• _SUPPLIED MATERIAL_
● ● ● ● ● ● ●

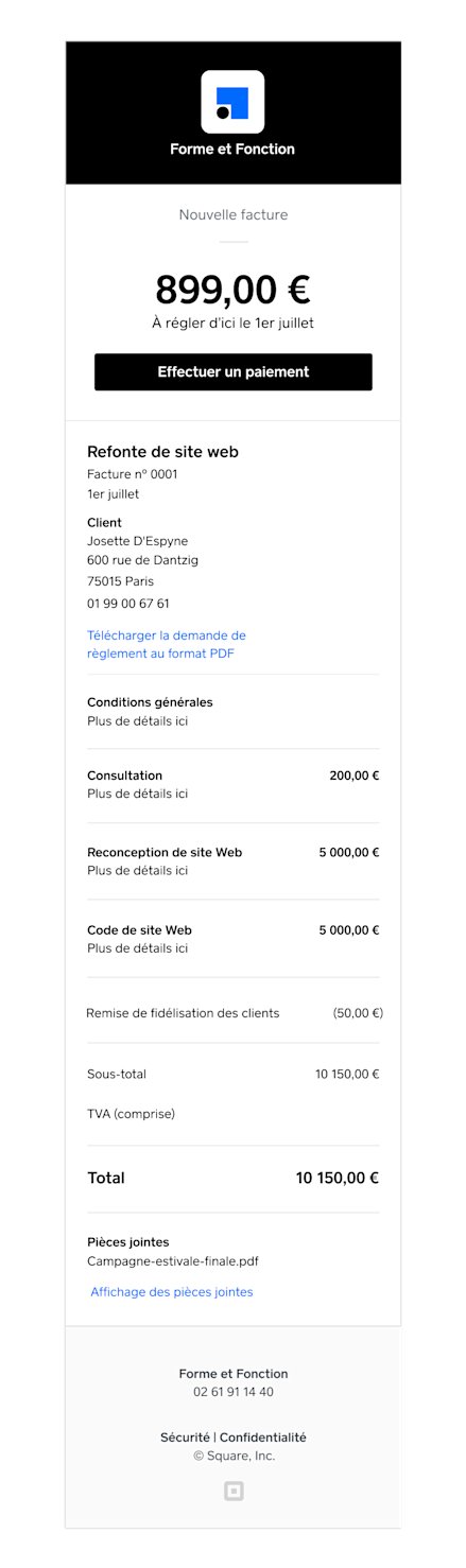 Envoyez des factures numériques par e-mail, SMS ou en partageant manuellement un lien. Vos clients peuvent payer en ligne avec une carte de bancaire, Apple Pay, Google Pay ou une carte cadeau Square.
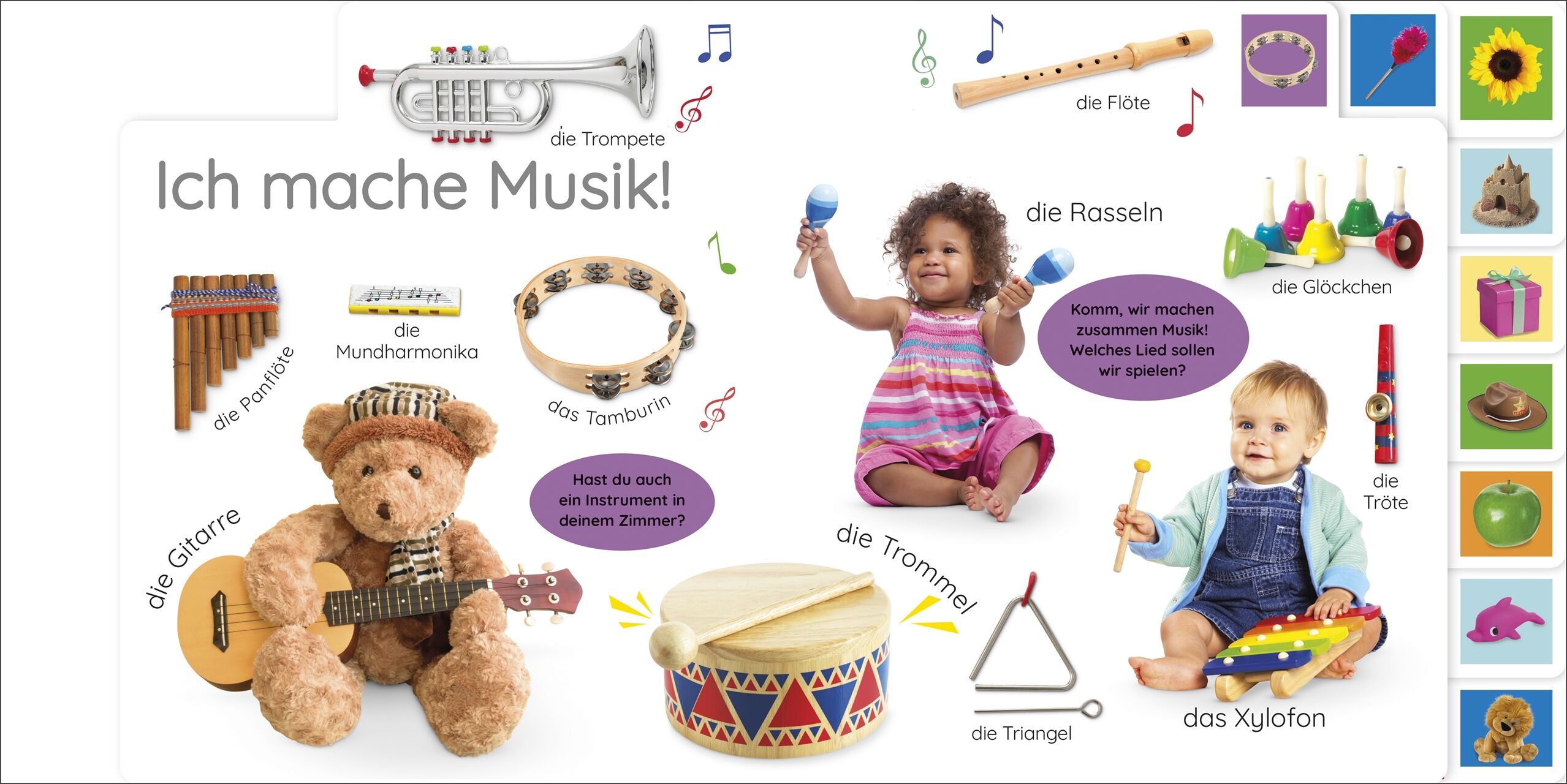 Großes Bildwörterbuch für die Kleinen mit praktischem Griff-Register! Spielsachen, Tiere, Musik oder den Garten in diesem Bilderbuch gibt es viel zu entdecken! Auf über 200 großen, realen Farbfotos entdecken Kinder Gegenstände und Menschen aus ihrer Alltagswe...
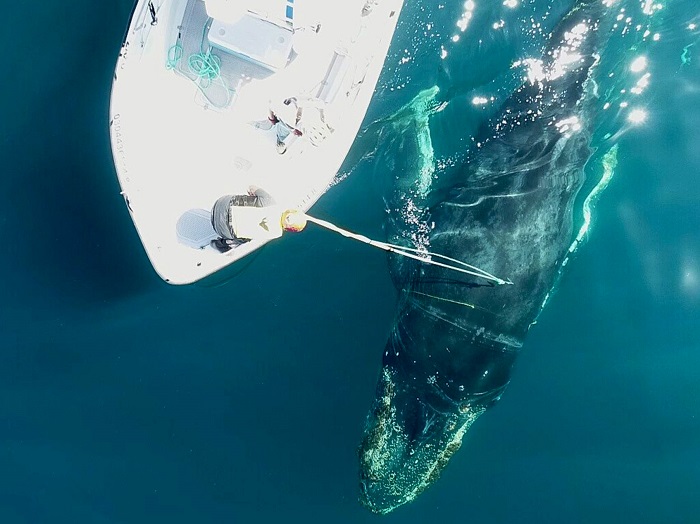 Debido a la naturaleza del enmalle, dijo que en esta ocasión fue imprescindible comenzar el proceso de la parte frontal hacia atrás, marcando en principio a la ballena con la ayuda del grampín, boyas y una línea.

● ● ● ● ● ● ●

• _PROBLEM STATEMENT_
Copy all the data exactly as written, but skip any picture.

• _OUTPUT_
 Envoyez des factures numériques par e-mail, SMS ou en partageant manuellement un lien. Vos clients peuvent payer en ligne avec une carte de bancaire, Apple Pay, Google Pay ou une carte cadeau Square.
 Großes Bildwörterbuch für die Kleinen mit praktischem Griff-Register! Spielsachen, Tiere, Musik oder den Garten in diesem Bilderbuch gibt es viel zu entdecken! Auf über 200 großen, realen Farbfotos entdecken Kinder Gegenstände und Menschen aus ihrer Alltagswe...
 Debido a la naturaleza del enmalle, dijo que en esta ocasión fue imprescindible comenzar el proceso de la parte frontal hacia atrás, marcando en principio a la ballena con la ayuda del grampín, boyas y una línea.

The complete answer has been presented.